4. When arriving to the show building, train is launched forward without stopping.
5. Train finish the gravity run forward towards block brake and back to station.

==== Experience 2 ====
1. Train leaves station and travels forward up the lift.
2. Before going over the lift, train gets released and slightly boosted backward towards the show building.
3. After show/stop, train is launched forward to re-run the gravity run previously done backward, this time forward towards lift.
4. Train goes over the lift forward, towards gravity run.
5. When arriving to the show building, train is launched forward without stopping.

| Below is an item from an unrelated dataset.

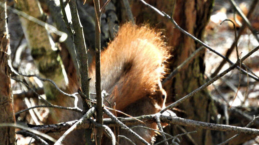 Белка делает припасы из лакомства которое принесли люди!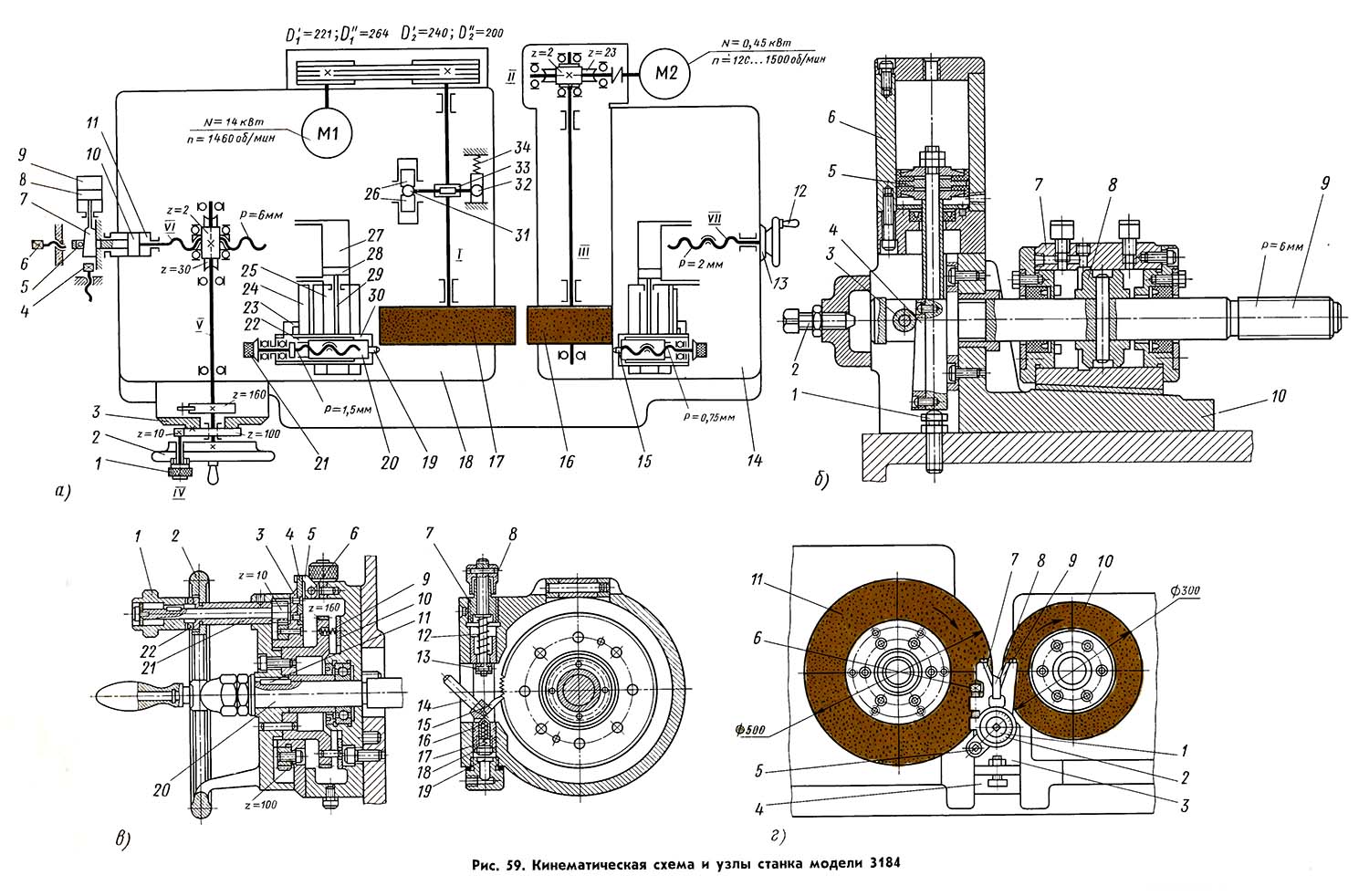 Схема кінематична круглошліфувального верстата 3184. Дивитись у збільшеному масштабі

6. Train finish the gravity run forward towards block brake and back to station.

==Characteristics==
Gold Rush has a physical track length of 1945 ft, a maximum height of 56 ft, and a top speed of 37.3 mi/h. Due to the coaster's ability to traverse a section of track twice, approximately 2650 ft is travelled during the ride. Gold Rush operates with two six-car trains, each car of which seat four riders in two rows of two for a total occupancy of 24 passengers. The vehicles utilise Intamin's individual lap bar restraint system which allows for a minimum height requirement of 1 m.